▶ _What to work on_
In the data below, reproduce everything exactly except the images.
Records supplied START
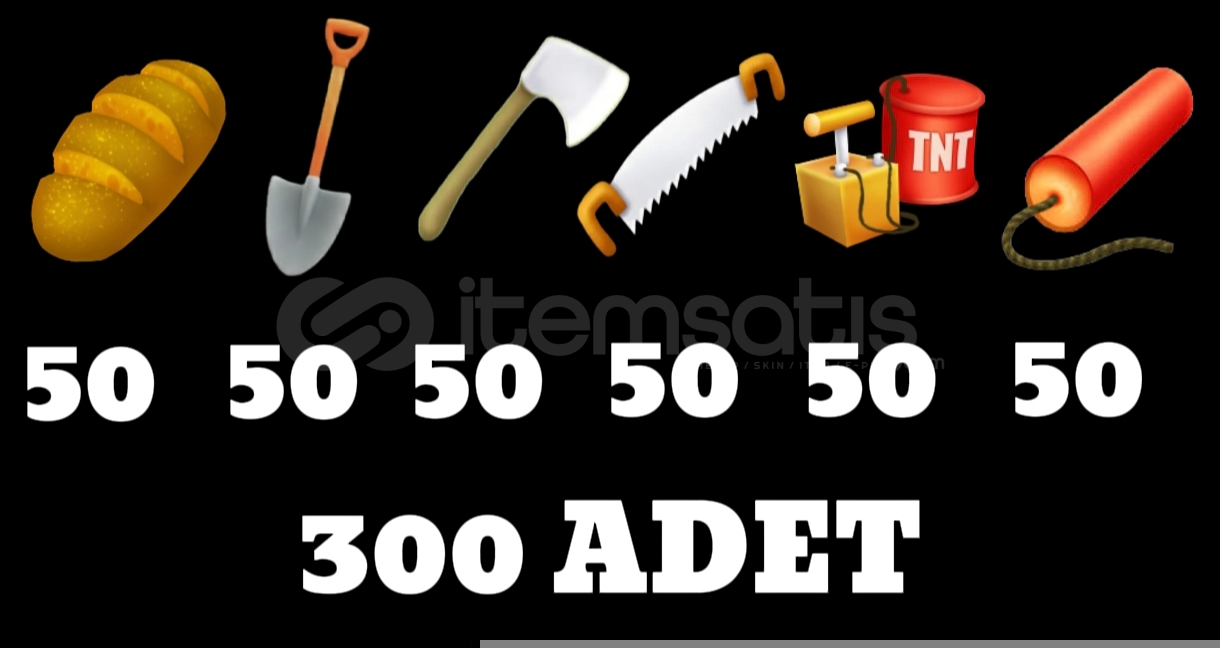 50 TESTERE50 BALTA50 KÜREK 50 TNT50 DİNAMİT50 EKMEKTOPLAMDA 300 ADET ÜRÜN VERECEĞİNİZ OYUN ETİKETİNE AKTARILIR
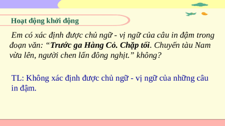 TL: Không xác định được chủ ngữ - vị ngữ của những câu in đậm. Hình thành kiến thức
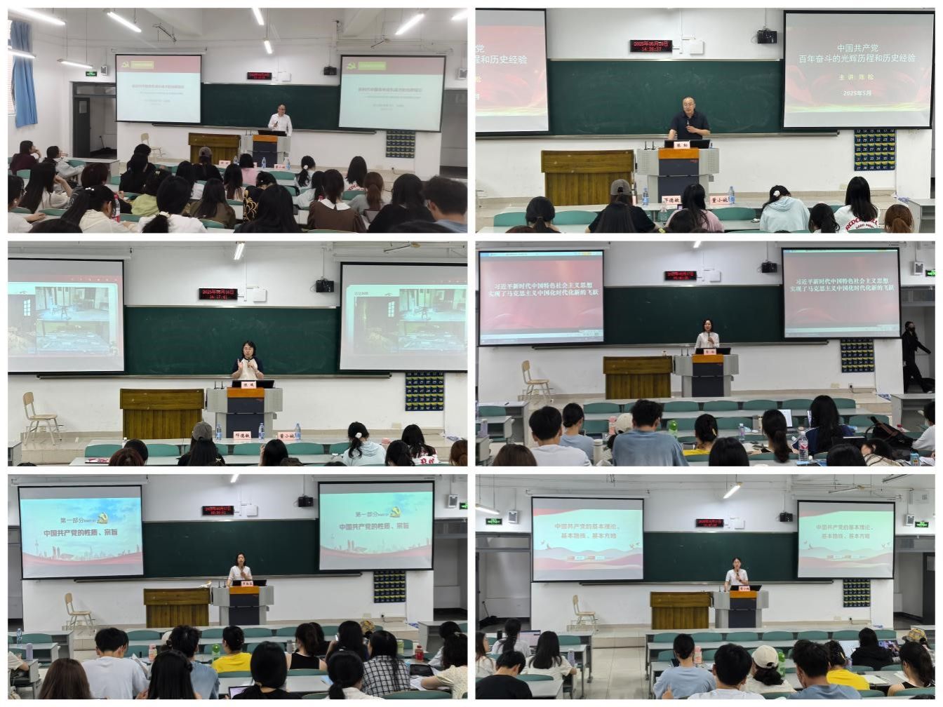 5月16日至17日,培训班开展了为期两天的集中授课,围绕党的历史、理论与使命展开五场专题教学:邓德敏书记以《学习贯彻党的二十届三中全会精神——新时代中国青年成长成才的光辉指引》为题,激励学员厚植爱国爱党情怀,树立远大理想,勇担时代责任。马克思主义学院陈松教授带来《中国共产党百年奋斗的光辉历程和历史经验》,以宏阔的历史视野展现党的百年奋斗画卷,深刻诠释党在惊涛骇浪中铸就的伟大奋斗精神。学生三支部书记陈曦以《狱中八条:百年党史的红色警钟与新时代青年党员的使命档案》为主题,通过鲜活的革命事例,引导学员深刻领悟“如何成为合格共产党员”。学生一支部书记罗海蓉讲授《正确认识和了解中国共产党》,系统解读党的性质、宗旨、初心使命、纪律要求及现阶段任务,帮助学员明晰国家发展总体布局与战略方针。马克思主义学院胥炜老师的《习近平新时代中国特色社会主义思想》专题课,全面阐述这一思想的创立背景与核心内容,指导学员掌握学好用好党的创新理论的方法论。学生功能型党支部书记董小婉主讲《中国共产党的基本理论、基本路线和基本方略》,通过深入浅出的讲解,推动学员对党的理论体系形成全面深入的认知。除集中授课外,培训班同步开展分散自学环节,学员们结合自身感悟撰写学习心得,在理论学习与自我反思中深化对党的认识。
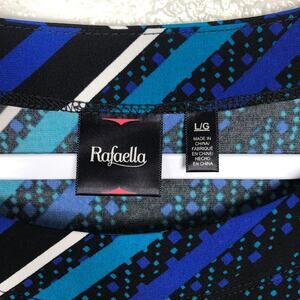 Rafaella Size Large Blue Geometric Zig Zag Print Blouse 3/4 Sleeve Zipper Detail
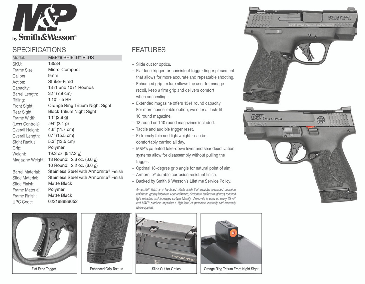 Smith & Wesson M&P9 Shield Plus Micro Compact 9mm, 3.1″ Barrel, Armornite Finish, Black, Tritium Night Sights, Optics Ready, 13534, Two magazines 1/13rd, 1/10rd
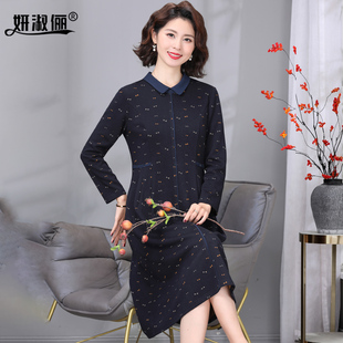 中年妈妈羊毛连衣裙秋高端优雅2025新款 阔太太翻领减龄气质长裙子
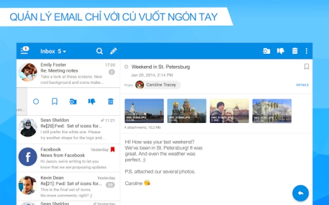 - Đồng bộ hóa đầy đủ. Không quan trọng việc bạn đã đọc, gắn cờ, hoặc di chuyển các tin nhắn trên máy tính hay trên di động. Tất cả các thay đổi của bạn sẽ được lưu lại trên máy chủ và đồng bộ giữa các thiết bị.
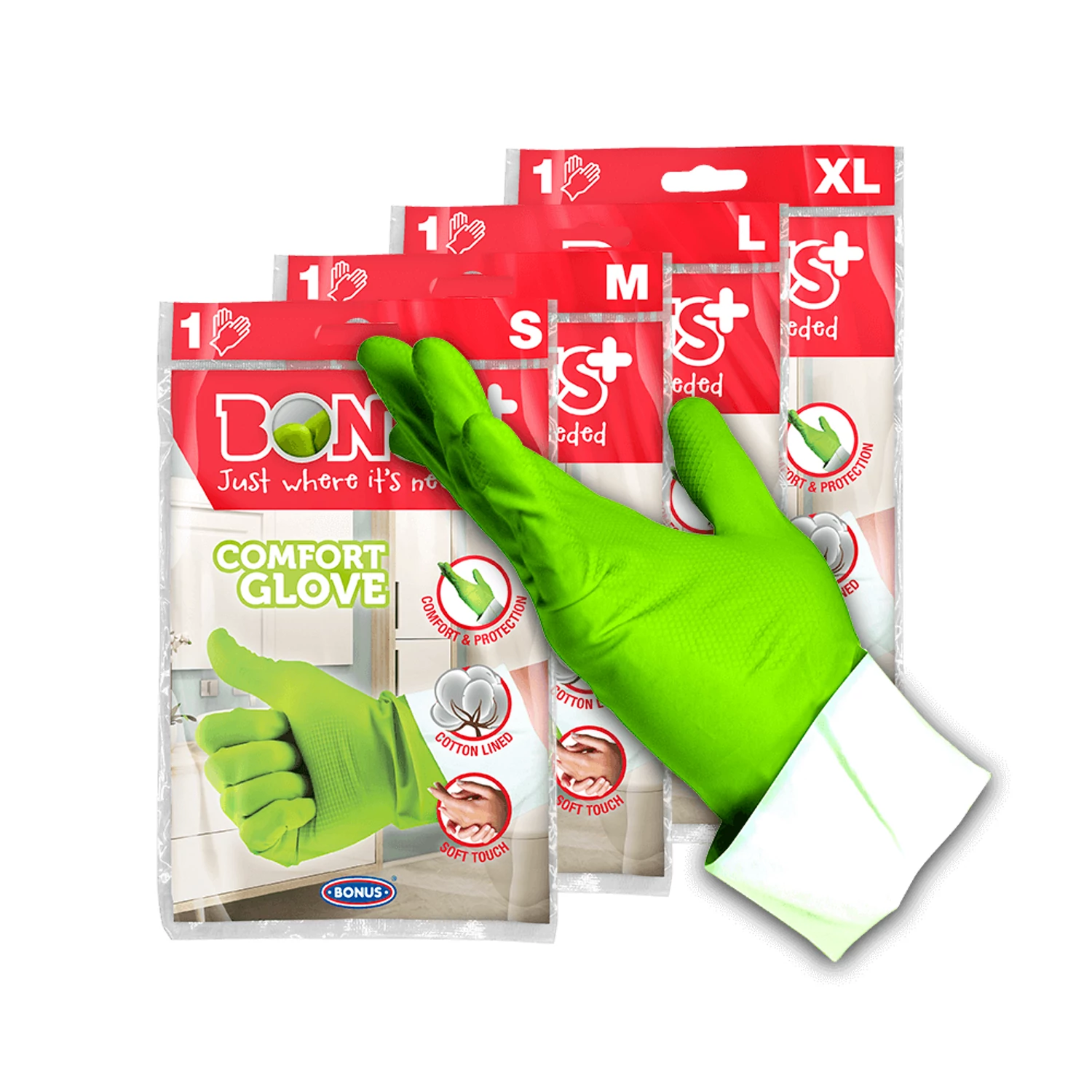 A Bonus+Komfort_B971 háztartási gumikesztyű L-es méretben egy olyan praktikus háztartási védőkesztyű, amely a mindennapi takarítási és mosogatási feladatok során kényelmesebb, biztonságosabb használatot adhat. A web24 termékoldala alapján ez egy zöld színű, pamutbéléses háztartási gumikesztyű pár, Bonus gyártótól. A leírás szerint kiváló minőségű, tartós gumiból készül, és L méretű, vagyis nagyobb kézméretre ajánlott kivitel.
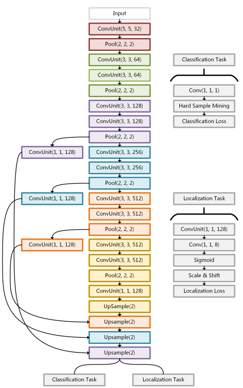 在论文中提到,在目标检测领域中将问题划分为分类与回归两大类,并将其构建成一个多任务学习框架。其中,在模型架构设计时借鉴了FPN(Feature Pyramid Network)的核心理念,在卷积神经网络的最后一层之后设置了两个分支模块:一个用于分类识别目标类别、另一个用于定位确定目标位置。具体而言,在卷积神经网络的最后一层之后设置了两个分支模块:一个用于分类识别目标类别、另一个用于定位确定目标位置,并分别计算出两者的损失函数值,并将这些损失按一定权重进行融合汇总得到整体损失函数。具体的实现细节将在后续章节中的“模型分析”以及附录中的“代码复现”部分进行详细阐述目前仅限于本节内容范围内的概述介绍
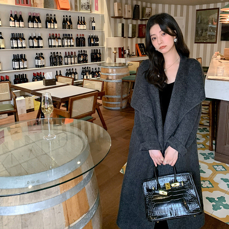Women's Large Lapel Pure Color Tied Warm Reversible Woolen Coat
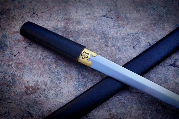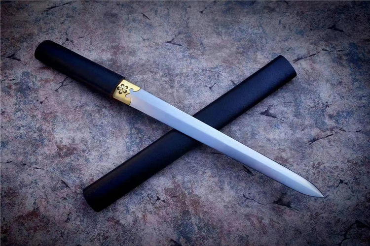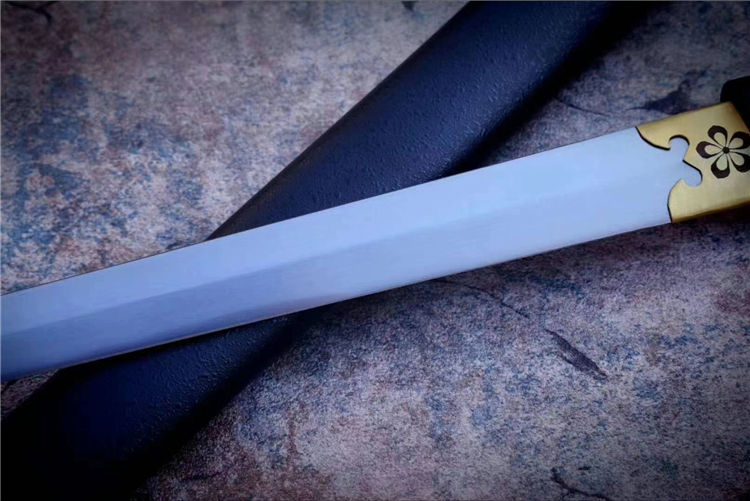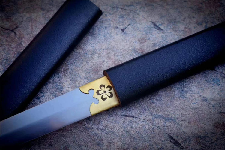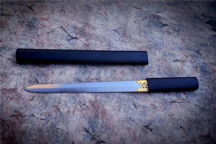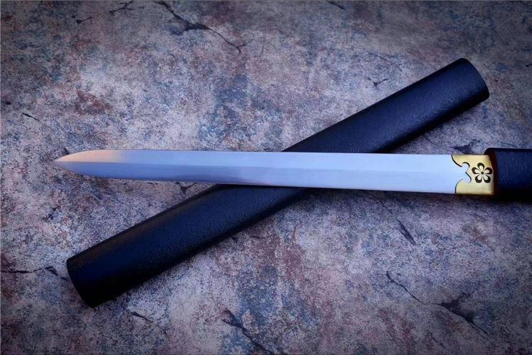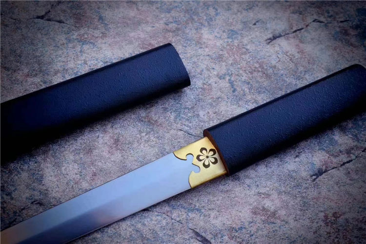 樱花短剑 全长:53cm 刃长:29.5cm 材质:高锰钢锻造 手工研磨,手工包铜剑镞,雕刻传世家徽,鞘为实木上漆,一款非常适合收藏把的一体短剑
Records supplied END
▶ _Solution below_
 50 TESTERE50 BALTA50 KÜREK 50 TNT50 DİNAMİT50 EKMEKTOPLAMDA 300 ADET ÜRÜN VERECEĞİNİZ OYUN ETİKETİNE AKTARILIR
 TL: Không xác định được chủ ngữ - vị ngữ của những câu in đậm. Hình thành kiến thức
 5月16日至17日,培训班开展了为期两天的集中授课,围绕党的历史、理论与使命展开五场专题教学:邓德敏书记以《学习贯彻党的二十届三中全会精神——新时代中国青年成长成才的光辉指引》为题,激励学员厚植爱国爱党情怀,树立远大理想,勇担时代责任。马克思主义学院陈松教授带来《中国共产党百年奋斗的光辉历程和历史经验》,以宏阔的历史视野展现党的百年奋斗画卷,深刻诠释党在惊涛骇浪中铸就的伟大奋斗精神。学生三支部书记陈曦以《狱中八条:百年党史的红色警钟与新时代青年党员的使命档案》为主题,通过鲜活的革命事例,引导学员深刻领悟“如何成为合格共产党员”。学生一支部书记罗海蓉讲授《正确认识和了解中国共产党》,系统解读党的性质、宗旨、初心使命、纪律要求及现阶段任务,帮助学员明晰国家发展总体布局与战略方针。马克思主义学院胥炜老师的《习近平新时代中国特色社会主义思想》专题课,全面阐述这一思想的创立背景与核心内容,指导学员掌握学好用好党的创新理论的方法论。学生功能型党支部书记董小婉主讲《中国共产党的基本理论、基本路线和基本方略》,通过深入浅出的讲解,推动学员对党的理论体系形成全面深入的认知。除集中授课外,培训班同步开展分散自学环节,学员们结合自身感悟撰写学习心得,在理论学习与自我反思中深化对党的认识。
 Rafaella Size Large Blue Geometric Zig Zag Print Blouse 3/4 Sleeve Zipper Detail
 Smith & Wesson M&P9 Shield Plus Micro Compact 9mm, 3.1″ Barrel, Armornite Finish, Black, Tritium Night Sights, Optics Ready, 13534, Two magazines 1/13rd, 1/10rd
 中年妈妈羊毛连衣裙秋高端优雅2025新款 阔太太翻领减龄气质长裙子
 - Đồng bộ hóa đầy đủ. Không quan trọng việc bạn đã đọc, gắn cờ, hoặc di chuyển các tin nhắn trên máy tính hay trên di động. Tất cả các thay đổi của bạn sẽ được lưu lại trên máy chủ và đồng bộ giữa các thiết bị.
 A Bonus+Komfort_B971 háztartási gumikesztyű L-es méretben egy olyan praktikus háztartási védőkesztyű, amely a mindennapi takarítási és mosogatási feladatok során kényelmesebb, biztonságosabb használatot adhat. A web24 termékoldala alapján ez egy zöld színű, pamutbéléses háztartási gumikesztyű pár, Bonus gyártótól. A leírás szerint kiváló minőségű, tartós gumiból készül, és L méretű, vagyis nagyobb kézméretre ajánlott kivitel.
 在论文中提到,在目标检测领域中将问题划分为分类与回归两大类,并将其构建成一个多任务学习框架。其中,在模型架构设计时借鉴了FPN(Feature Pyramid Network)的核心理念,在卷积神经网络的最后一层之后设置了两个分支模块:一个用于分类识别目标类别、另一个用于定位确定目标位置。具体而言,在卷积神经网络的最后一层之后设置了两个分支模块:一个用于分类识别目标类别、另一个用于定位确定目标位置,并分别计算出两者的损失函数值,并将这些损失按一定权重进行融合汇总得到整体损失函数。具体的实现细节将在后续章节中的“模型分析”以及附录中的“代码复现”部分进行详细阐述目前仅限于本节内容范围内的概述介绍
Women's Large Lapel Pure Color Tied Warm Reversible Woolen Coat
 樱花短剑 全长:53cm 刃长:29.5cm 材质:高锰钢锻造 手工研磨,手工包铜剑镞,雕刻传世家徽,鞘为实木上漆,一款非常适合收藏把的一体短剑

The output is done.